Exercise details: Write out the lines below exactly, beginning at the one with "Tinerii schiori români" and stopping after the one with "Edukasi Pemilihan Sampah"; the pictures are not copied.

(Entries taken from a collection)

☆ ☆ ☆

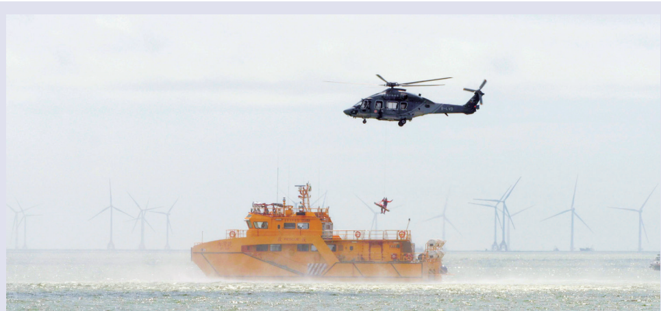
模擬直升機由海事局救援船上吊運傷者

為提高應對珠江口水域突發事件的海上搜救能力，粵港澳三地海上搜救單位於日前在外港航道入口以北海域舉行“2023年粵港澳三地海上搜救聯合演習”，對海上事故聯合搜救進行實際演練，透過區域合作機制，動員各救援單位協同搜救，提高海上搜救能力。
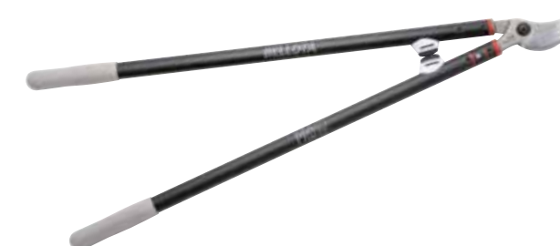
► SÉCATEUR À DEUX MAINS PROLINE FRUITIERS 3580

Pour l'élagage universel: raisin, fruits et olive. Manches extensibles 60 jusqu'à 90 cm.
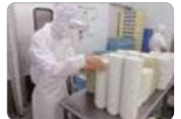
就業体験（富山総合支援）

富山総合支援では、毎年1年次から地元企業等と連携して就業体験を行っています。また、生活介護施設において生活体験を行う生徒もいます。
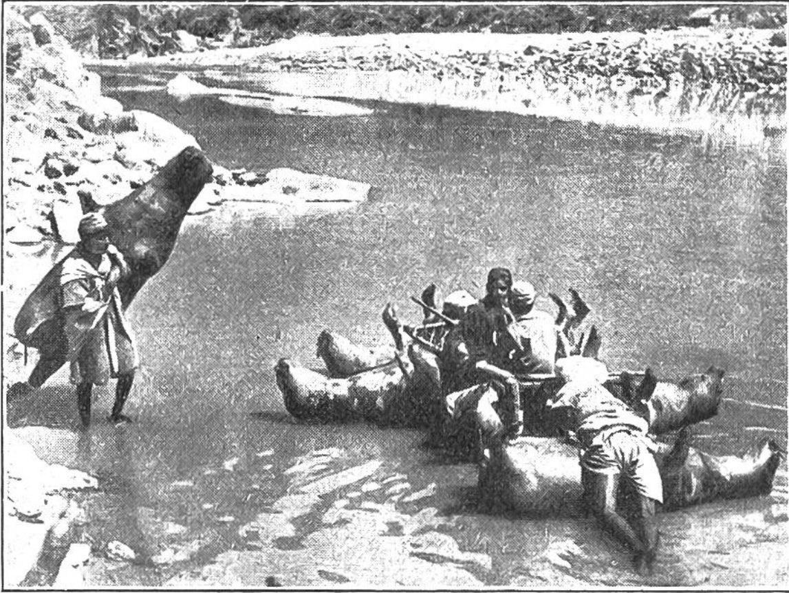
In der des Himalaya befahren einen Fluss mit Flößen aus aufgeblasenen Ochsenhäuten.
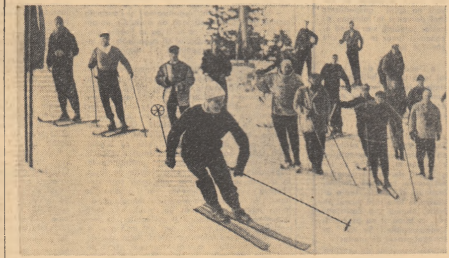
Tinerii schiori români participanți la „Cupa Speranțelor” s-au afirmat încă din prima zi a intrărilor. Comportîndu-se excelent în toate probele ei au reușit să cucerească trofeul acestui valoroase competiții internaționale. Fotografia noastră redă o imagine din proba: slalom-ul.
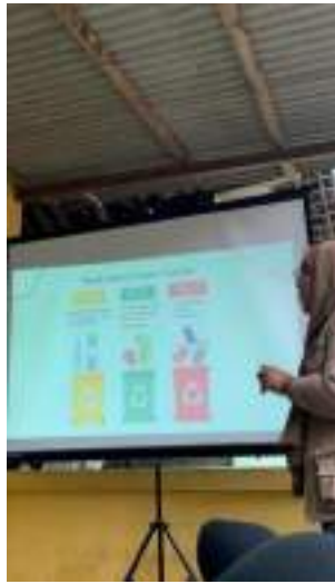
Edukasi Pemilihan Sampah di SD Muhammadiyah Kadisoro 1
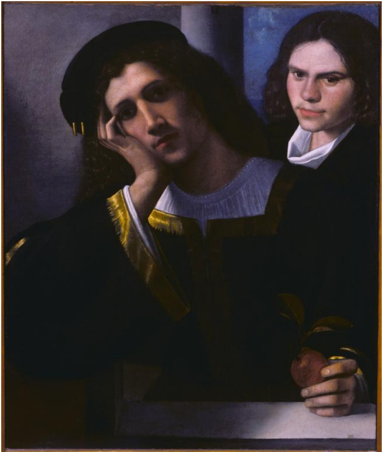
Giorgione, Doppio Ritratto, Roma, Palazzo Venezia

volta compaiono i caratteri romani in uso ancora oggi. Alziamo gli occhi dall'incunabolo e ci troviamo di fronte il Ritratto di giovane con libro verde di Giorgione. Anche lui ha appena alzato gli occhi dal suo libro, un oggettino che si tiene con una mano sola, mentre l'altra indossa un guanto che lascia i polpastrelli nudi, per sfogliare meglio le pagine; È il lettore moderno, in una delle sue prime apparizioni. Nei primi anni del cinquecento Bembo e Giorgione danno forma a una nuova soggettività maschile, Bembo con gli Asolani , i dialoghi in volgare sull'amore pubblicati nel 1505, e Giorgione con opere come il Doppio ritratto, che accosta un giovane malinconico e uno acceso e diretto, come i due protagonisti degli Asolani .
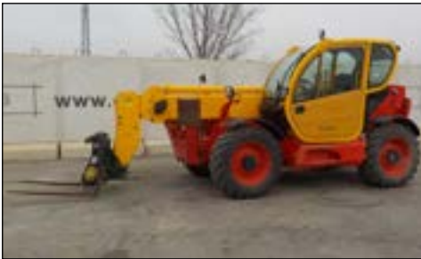
2011 Dieci 175
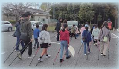
ノルディックウォークを体験
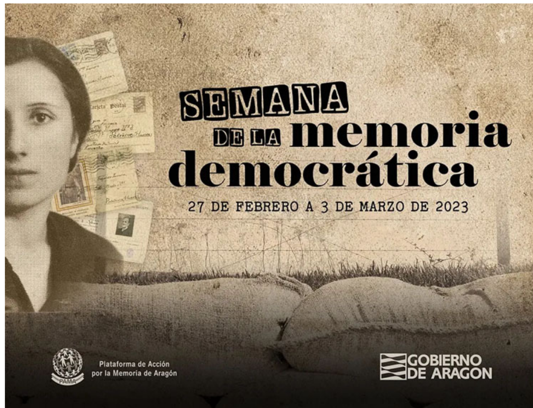
Cartel anunciador de la Semana de la memoria democrática , de 2023

Partido en dos mitades prácticamente idénticas durante la guerra civil, Aragón fue uno de los escenarios principales del conflicto, un auténtico microcosmos de todas las situaciones que pudieron llegar a producirse. Es una de las razones por las cuales su Ley de Memoria estaba especialmente bien construida y atendía a todas las sensibilidades. A modo de ejemplo, se indicaba que su objetivo era «facilitar la recuperación de la memoria individual y colectiva de las víctimas del golpe de Estado de 1936, de la guerra civil y de la dictadura franquista», pero no deja de señalarse que dicho empeño «ha de poder ser compatible [...] con el reconocimiento de las violaciones de los derechos humanos que se dieron en Aragón en la zona republicana», lo que incluía la «exhumación e identificación por parte de descendientes de las personas asesinadas» . 1

☆ ☆ ☆

Completed exercise:
Tinerii schiori români participanți la „Cupa Speranțelor” s-au afirmat încă din prima zi a intrărilor. Comportîndu-se excelent în toate probele ei au reușit să cucerească trofeul acestui valoroase competiții internaționale. Fotografia noastră redă o imagine din proba: slalom-ul.
Edukasi Pemilihan Sampah di SD Muhammadiyah Kadisoro 1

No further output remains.